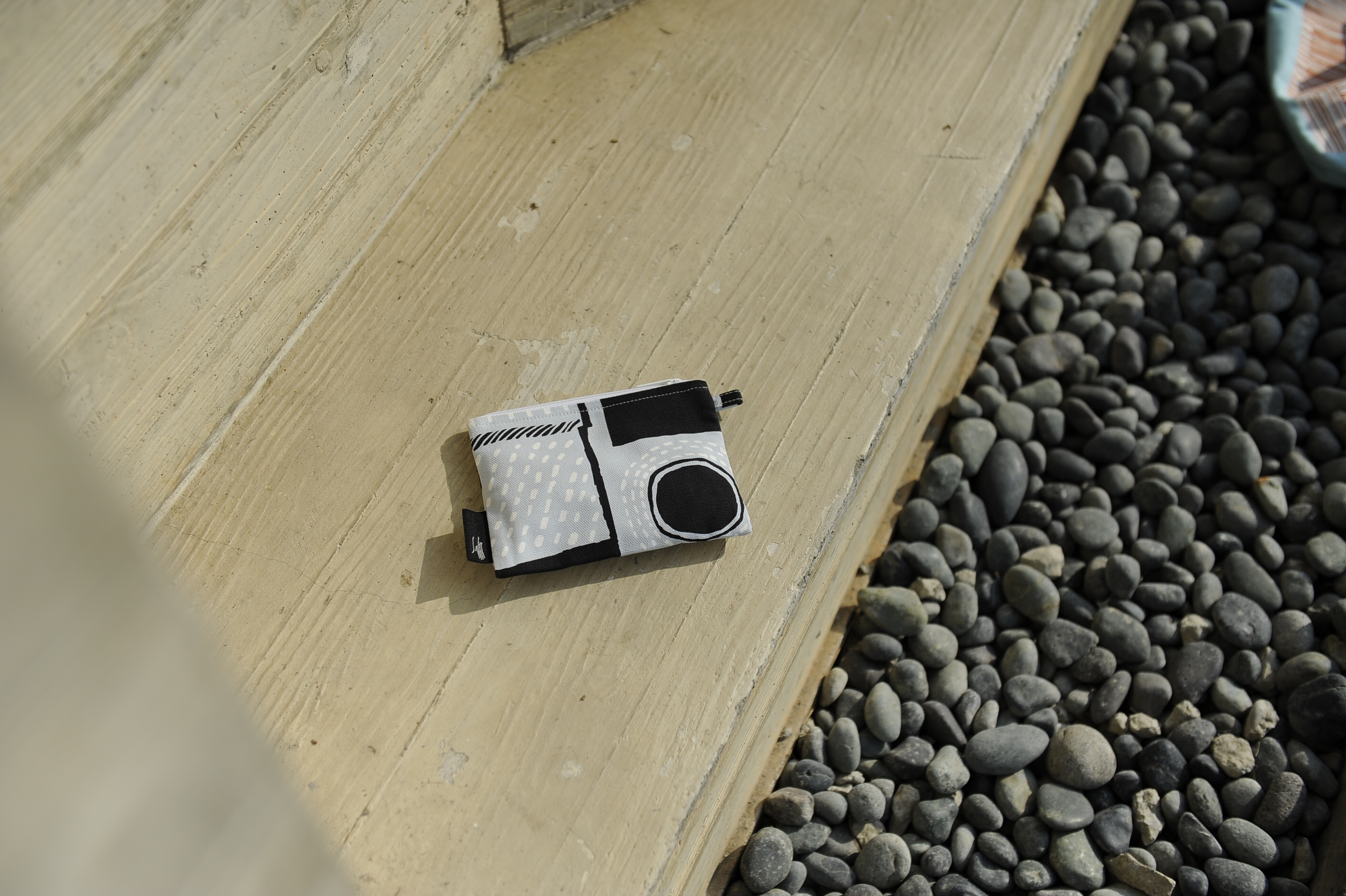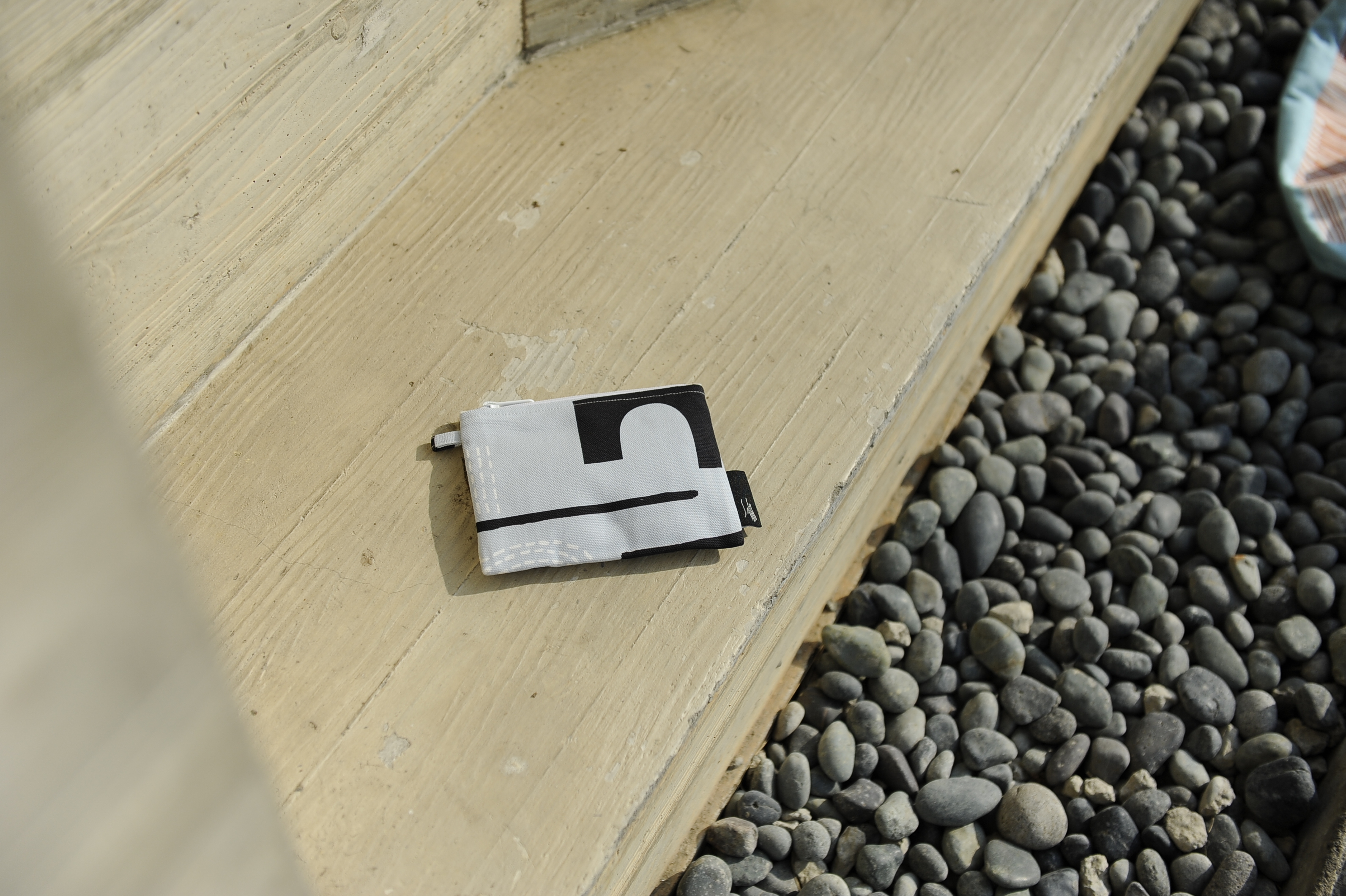 印花零錢包,外層是我們的全新印花「相縫灰」,內裡則是純白色,
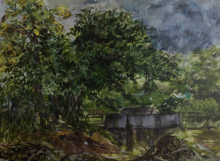 “Athāni” is a tranquil landscape painting inspired by a small resting place under a tree and bridge- where I would pause, tired from my 2 km walk from college before taking the bus home. In Malayalam, “Athāni” means a simple spot of rest, a place where travelers find relief on their journey. Thro...
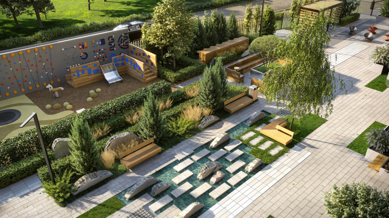 Рядом с домом – живописные парковые пространства: старый сиреневый сад, парк «Берёзовая роща», ухоженные скверы. В шаговой доступности расположены корпуса Курчатовской средней школы, частные и городские детские сады. На первом этаже дома разместятся уютные магазины, салоны красоты и кафе.
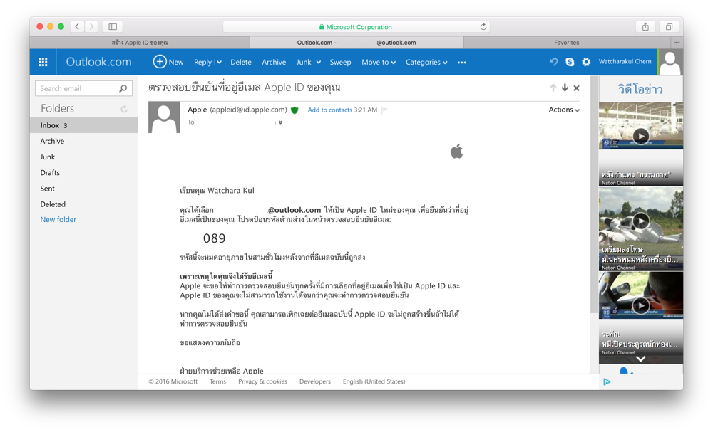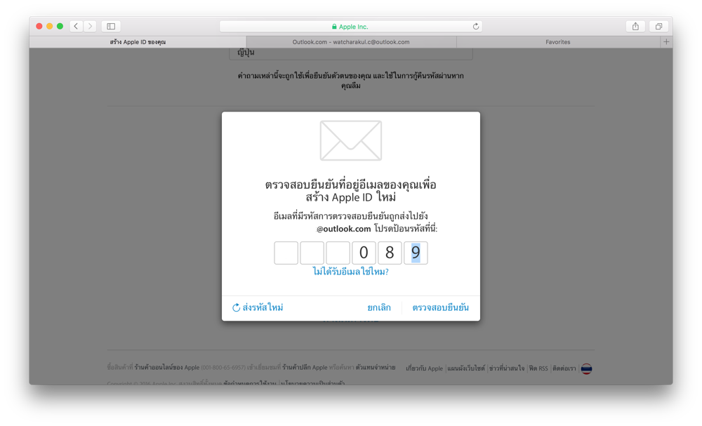 เมื่อกรอกเสร็จแล้วจะมีหน้าต่างเด้งขึ้นมาให้เรานำรหัส 6 หลักมาใส่โดยรหัสผ่านจะถูกส่งเข้าไปที่อีเมลที่เราใช้สมัคร Apple ID
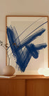 Ein modernes abstraktes Kunstposter mit kräftigen blauen Pinselstrichen auf hellem Hintergrund. Die dynamischen Striche erzeugen Bewegung und Textur und machen es zu einem auffallend minimalistischen Werk, perfekt für moderne Innenräume.
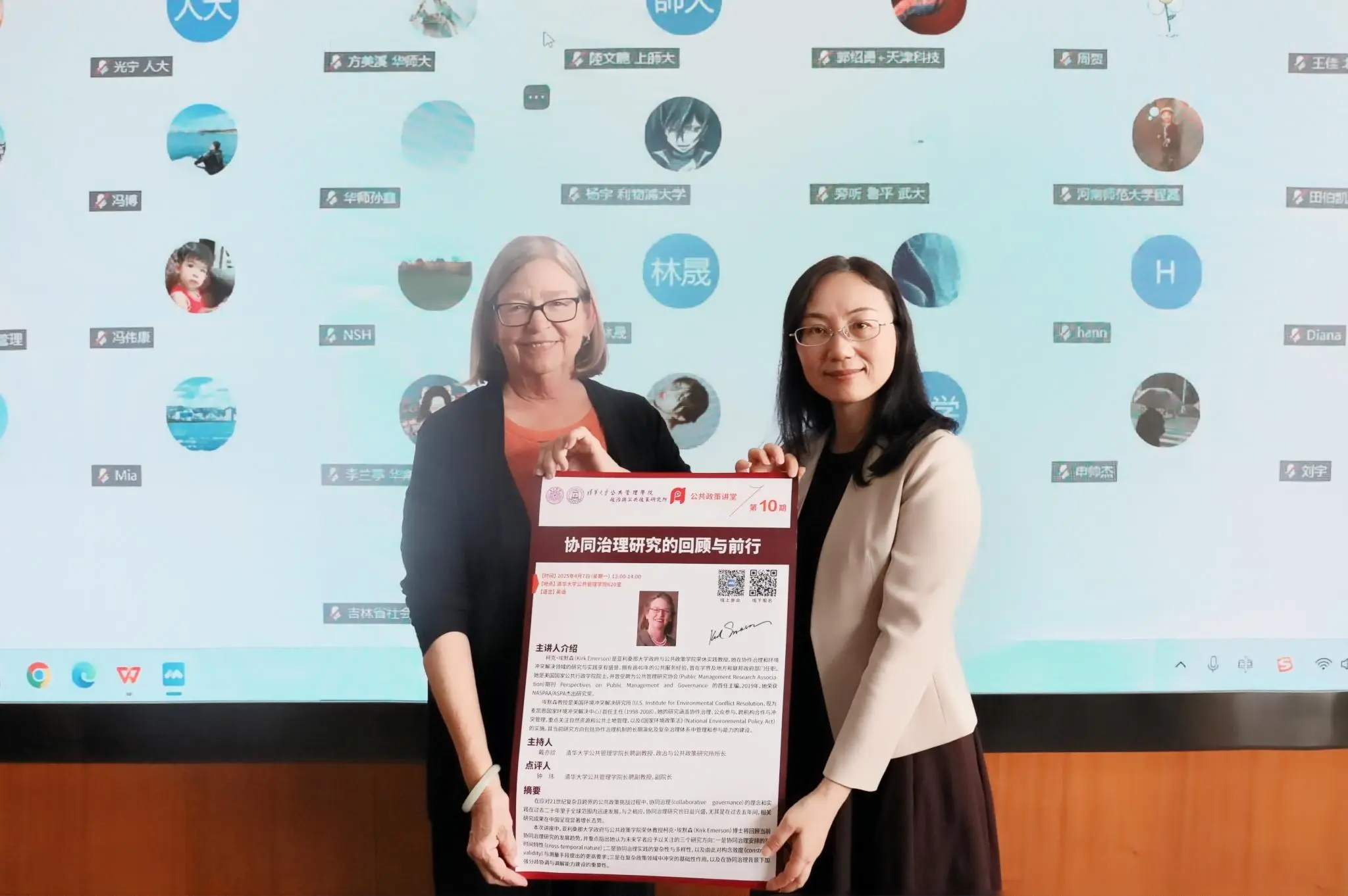 2025年4月7日下午,PP电子政治与公共政策研究所公共政策讲堂第10期活动在公管学院620会议室举行。美国国家公共行政学院院士、亚利桑那大学政府与公共政策学院荣休实践教授、Perspectives on Public Management and Governance创刊主编柯克·埃默森(Kirk Emerson)以“协同治理研究的回顾与前行”为题进行了讲座,共有一百三十多人通过线上线下的方式参加了此次活动。参加本次活动的学院教师包括王有强、朱旭峰、王亚华、刘志林、钟玮、陈济冬、赵静。政策所所长戴亦欣主持活动。

==================================================

*Activity*:
Using the material above, restate word for word the lines from the line that has "Ein modernes abstraktes" to the last line, inclusive, with pictures omitted.

*Response below*:
 Ein modernes abstraktes Kunstposter mit kräftigen blauen Pinselstrichen auf hellem Hintergrund. Die dynamischen Striche erzeugen Bewegung und Textur und machen es zu einem auffallend minimalistischen Werk, perfekt für moderne Innenräume.
 2025年4月7日下午,PP电子政治与公共政策研究所公共政策讲堂第10期活动在公管学院620会议室举行。美国国家公共行政学院院士、亚利桑那大学政府与公共政策学院荣休实践教授、Perspectives on Public Management and Governance创刊主编柯克·埃默森(Kirk Emerson)以“协同治理研究的回顾与前行”为题进行了讲座,共有一百三十多人通过线上线下的方式参加了此次活动。参加本次活动的学院教师包括王有强、朱旭峰、王亚华、刘志林、钟玮、陈济冬、赵静。政策所所长戴亦欣主持活动。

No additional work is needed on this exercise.